TGV de Moussa Touré - 1997

Le cinéma sénégalais est trop souvent absent de nos écrans pour qu'on ne se réjouisse pas d'en apercevoir un bout de temps en temps, même si, comme ici, on reste dans le moyen. Moussa Touré, cinéaste humaniste et engagé, réalise une sorte de huis-clos matiné de road-movie, sur la piste d'un bus coloré, surnommé TGV. Entre Dakar et Conakry, son chauffeur, Rambo, charge une pleiade de personnages hauts en couleurs, subit pannes et intempéries, se frotte à l'amour et au terrorisme, et finit au bout de l'aventure à son but avant de repartir de plus belle. On voit bien ce que veut faire Touré : parler par la bande de la société sénégalaise, dans toutes ses strates, tout en faisant mine de réaliser une innocente comédie de moeurs. La galerie est exhaustive : un ministre en goguette, une jeune fille en fleurs à marier, un truand, un marabout, deux ethnologues français, et même un rebelle Bijago (oui, moi non plus je connaissais pas). Les rapports entre tous ces gens enfermés dans le petit bus brinquebalant sont tous symboliques des rapports de classe, de religion, de sexe et de couleurs, et la force du film est de donner de l'importance à chacun, de les regarder à égalité et avec beaucoup de tendresse.
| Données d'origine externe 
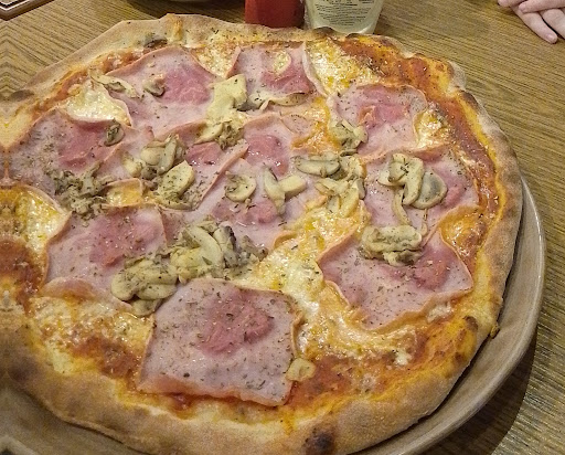 Ich hatte eine Pizza Capriccosa in der Riesenvariante, für das das Lokal landauf, landab bekannt ist. Wie erwartet hats super geschmeckt.
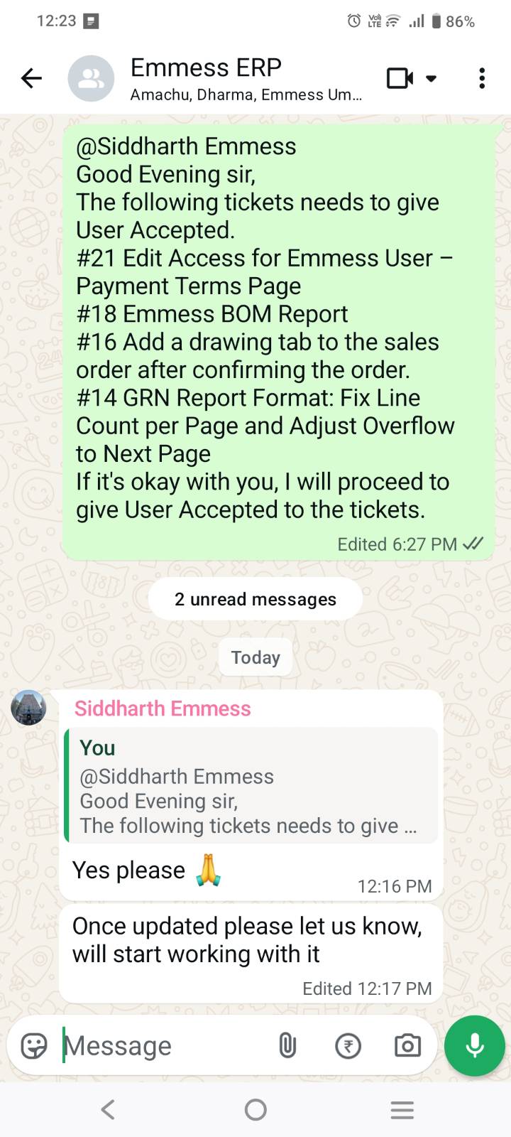 Based on the above communication via whatsapp i am putting this ticket to User Accepted , on behalf of Mr.Siddhart sir

Certes l'allégorie est souvent très appuyée, et le jeu vacillant de la plupart des acteurs (à l'exception du chauffeur du bus, vraiment subtil, et de Bernard Gireaudeau, assez drôle) n'ajoute pas à la crédibilité de cette historiette qui vire au conte. Mais le film, lumineux quand il le faut, tourmenté quand la situation l'exige, marque quand même des points par son discours. Etonnant de voir, par exemple, comment tous ces gugusses abandonnent sans remords les deux Blancs aux griffes des rebelles, ou comment le ministre fait de sa couardise un programme politique. Quant à la mise en scène, elle est vraiment plus qu'honnête, avec même un plan-séquence de toute beauté, qui fait tout le tour du bus en panne, poussé par les voyageurs, et fait exister chaque petite histoire en un seul mouvement. Un petit film un peu vacillant et amateur dans sa direction d'acteurs, mais très agréable et loin des clichés.